Роман длиною в несколько абзацев
(Леонид Цыпкин «Лето в Бадене», Москва, НЛО, 2003, 219 с.)



    
    
     Так получилось, что эту книгу о Достоевском я читал параллельно просмотру многосерийной мыльной оперы «Идиот»: что может быть более поразительно несхожего – поверхностное баловство, рассчитанное на коммерческий успех, и углубленный взгляд патологоанатома, потому как Леонид Цыпкин – не просто патологоанатом, а доктор наук в этом деле, единственном медицинском деле, где не лечат и потому лучше всех других разбираются в болезнях, даже не в болезнях, а в причинах смерти, проникая сквозь ткани и покровы внешности, безошибочно угадывая, с манией последней честности, когда врать уже бесполезно и некому, наше смертельное нам нутро во всей его ужасающей красоте и кроваво-яростной гармонии битвы жизнью со смертью внутри каждого из нас.

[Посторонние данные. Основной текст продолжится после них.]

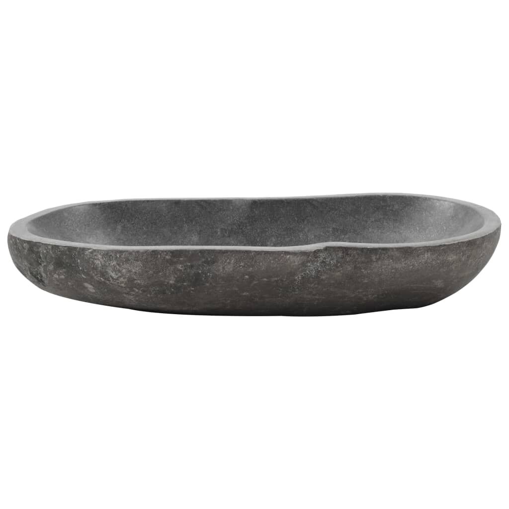 This oval wash basin, made of natural river stone, will make a stylish addition to any bathroom or washroom. This unique natural stone basin is not only a practical sink for everyday use, but also an adornment for your living space. The low height and big sink surface exude a rustic charm and will definitely suit any interior style. Additionally, the inner surface is smoothly polished, making cleaning really easy. The drain hole is 4.5 cm in diameter. Note: Riverstone is a natural product and colour differences might therefore occur. The real product might be lighter or darker than in the photos and sometimes there might be a mix of colours in the product. Also, the shape may vary and the delivery is random, ensuring the exclusivity and individuality of your product.

     Доктор Цыпкин продолжил русскую традицию совмещения в одном человеке и врача и писателя, традицию, начатую Чеховым, продолженную Булгаковым и подхваченную еще многими, уже не столь славными. Чтобы определить жанр этого произведения, необходимо построить довольно сложный компрегентный ряд, каждый раз указывая, чем не является «Лето в Бадене»: это не «Путешествие из Петербурга в Москву», потому что это путешествие из Петербурга в Ленинград, стало быть, путешествие не в пространстве, а во времени; но это и не «Москва-Петушки», потому что это поток не сознания, а мышления; это также не «Путешествие в страну Востока», потому как здесь нет никакого умиления и созерцания, а есть чисто патологоанатомическое ковыряние в собственных и чужих болячках, язвах, гнойниках и порезах о собственную судьбу.
     Разумеется, это и не литературоведческое исследование творчества Достоевского, поскольку мы имеем дело с литературным произведением, романом, герои которого – автор, Достоевский и его жена Анна Григорьевна, какие-то еще люди, вроде г-на Белинского или хозяйки гостиницы в Бадене, Гиля, все они действуют в одном миропространстве, промозглом и зябком – что в зимнем Питере, что в летнем Бадене, что промежуточных и межумочных Базеле и Твери, все они – литературно достоверны, и не по факту, нарытому в ходе исследования, а по особому духу и мрачной атмосфере жизни Достоевского, Цыпкина и каждого из нас.
     Автор, будучи евреем, пытается проникнуть в смысл антисемитизма Достоевского, хотя евреи в иерархии ксенофобии Федора Михайловича занимают не первое место: там прочно обосновались полячишки – оно и понятно, ведь Достоевский сам из самой захолустной и больной польской шляхты, где гонору, может быть, даже больше, чем врожденной шизофрении и паранойи.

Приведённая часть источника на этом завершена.